Another important finding of our study was that according to the odds ratio obtained from our model parameters, Rio Pardo settlers were about 11 times less likely to report CL as BDFFP researchers (odds ratio = 0.09; see Table 2). Most settlers had a long history of exposure to sandfly bites, whereas most researchers were probably first bitten by sandflies during fieldwork. It has been shown experimentally that mice treated with proteins found in vector saliva were less vulnerable to Leishmania (Viannia) braziliensis infection, suggesting a protective effect of sandfly bites (Oliveira et al. 2008). Prior exposure of mice to bites of uninfected Phlebotomus papatasi, an Old World CL vector, resulted in some degree of immunity against Leishmania major (Kamhawi et al. 2000). However, the immune response induced by sandfly saliva can lead to either infection aggravation or resistance, depending on the parasite species and on the salivary proteins to which the hosts are exposed (Gomes et al. 2008; Oliveira et al. 2008; Collin et al. 2009). Whatever the precise mechanism, there is evidence that previously non-exposed human populations in Amazonia had a higher probability of developing CL than long-term residents of endemic areas (Lainson & Rangel 2005). Additionally, researchers may be more intensely exposed to sandfly habitats than rural settlers because of the contrasting dwelling conditions in the BDFFP sites vs. the settlement area. BDFPP researchers slept in open-walled premises immediately adjacent to forest environments that support sandfly populations, whereas most rural settlers lived in wooden-walled houses surrounded by crops or deforested areas where Lu. umbratilis is rarer than in nearby forest or forest edges (W. Ramos, J.F. Medeiros, G.R. Julião, C.M. Rios - Velásquez, E.F. Marialva, S.J.M Desmouliere, S.L.B. Luz, F.A.C. Pessoa, unpublished data).
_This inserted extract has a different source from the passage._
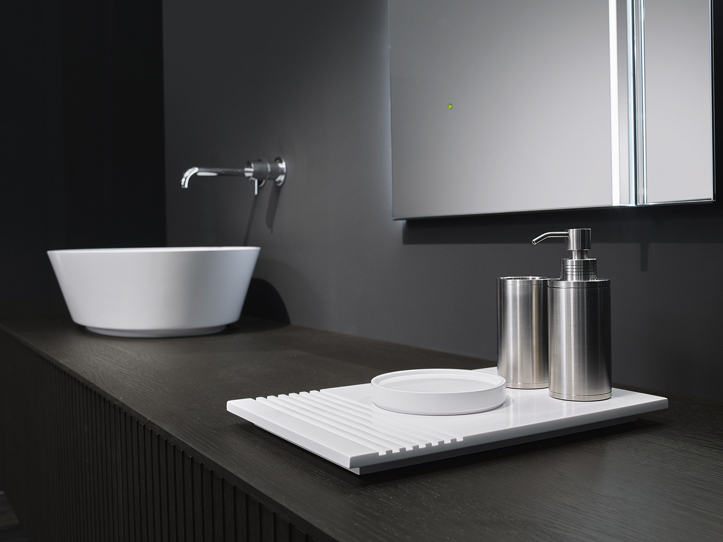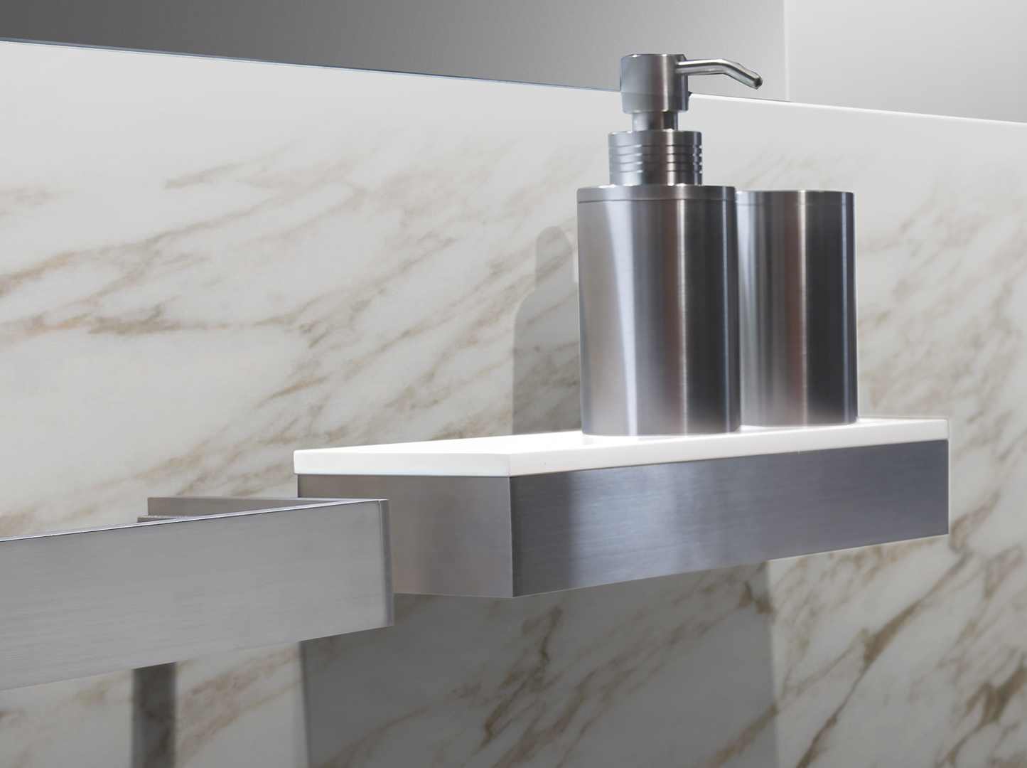 Dávkovač mýdla, kartáč, držák na ručník, držák na toaletní papír, ocelová police a věšák na šaty vyrobený z nerezové oceli 316.

Finally, we believe that a deeper understanding of genetic variability among parasites, vectors, and hosts would help foster understanding of CL epidemiology. The diversity of Le. (V.) guyanensis genotypes in the study area is unknown, yet different parasite lineages can result in specific disease manifestations (Nolder et al. 2007; Doudi et al. 2010). Genetically divergent sandfly populations can differ in their vector competence (Scarpassa & Alencar 2012), contributing to inter-population differences in CL incidence. We did not take into account genetic variation in our study populations, which included individuals from different geographic and ethnic origins who may have differed in immune competence against Leishmania infections, but we hope that our results will motivate further work on the mechanisms underlying CL epidemiological patterns. A consistent identification of higher-risk population groups and an improved understanding of the mechanisms driving CL incidence will provide a robust background for planning effective prevention strategies and reducing disease burden.